US20080014503A1

US20080014503A1 - High power high voltage lithium-ion cell

Info

Publication number: US20080014503A1
Application number: US11/487,495
Authority: US
Inventors: Joseph B. Kejha
Original assignee: Lithdyne LLC
Current assignee: Lithdyne LLC
Priority date: 2006-07-17
Filing date: 2006-07-17
Publication date: 2008-01-17

Abstract

A high power high voltage lithium-ion cell, which includes an anode of lithium titanate (Li₄Ti₅0₁₂), a cathode of lithium cobalt phosphate (LiCoPO₄), and a non-aqueous liquid electrolyte. Both the anode and the cathode materials are preferably of nano-sized particles.

Description

CROSS REFERENCE TO RELATED DOCUMENTS

The subject matter of this invention is shown and described in the disclosure document of Joseph B. Kejha, document no. 557,375 filed Jul. 19, 2004, and entitled “High Power Lithium-ion Cell Having High Voltage”.
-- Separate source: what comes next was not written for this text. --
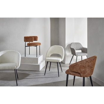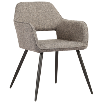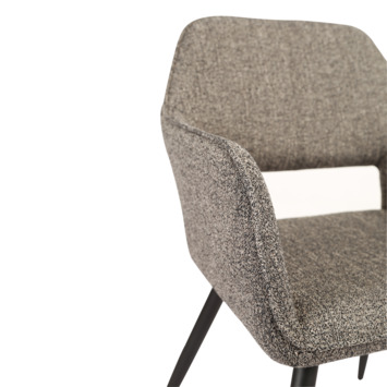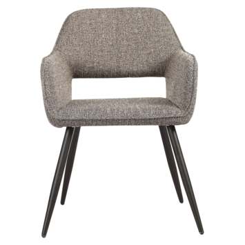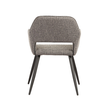 Eetkamerstoel Vera is gestoffeerd in een zwarte gemeleerde stoffering met een vier metalen poten. De stoel heeft een unieke luxe uitstraling en staat leuk in meerdere ruimtes in het huis. De stoel heeft een rechthoekige gevormde zitting die heerlijk zit. Eetkamerstoel Vera is leuk te combineren met andere stoelen. De kleur is zwart gemeleerd, verkijgbaar in meerdere kleuren. De afmetingen zijn (HxBxD) 83,5x59x57 cm

BACKGROUND OF THE INVENTION

1. Field of the Invention
This invention relates to a high power high voltage lithium-ion cell, which is of the type that has a lithium titanate (Li₄Ti₅0₁₂) anode, a liquid electrolyte, and a lithium cobalt phosphate (LiCoPO₄) cathode.
2. Description of the Prior Art
It is well known in the prior art that lithium titanate (Li₄Ti₅0₁₂) has excellent high rate capabilities (power), when used in lithium-ion batteries or in asymmetric capacitors. U.S. Pat. No. 5,766,796 discusses the use of lithium titanate as an anode, with a solid polymer electrolyte, and various cathodes, such as LiMn₂0₄, LiCo0₂, LiNi0₂and LiV₂0₅and their derivates. All of these electrochemical couples have a lower voltage span (1.5V-2.8V) than standard lithium-ion batteries with carbon anodes (3.0V-4.2V), which results in lower energy density.
It is therefore desirable to couple a lithium titanate anode with a high voltage cathode to obtain a lithium-ion cell with higher voltage and higher energy density.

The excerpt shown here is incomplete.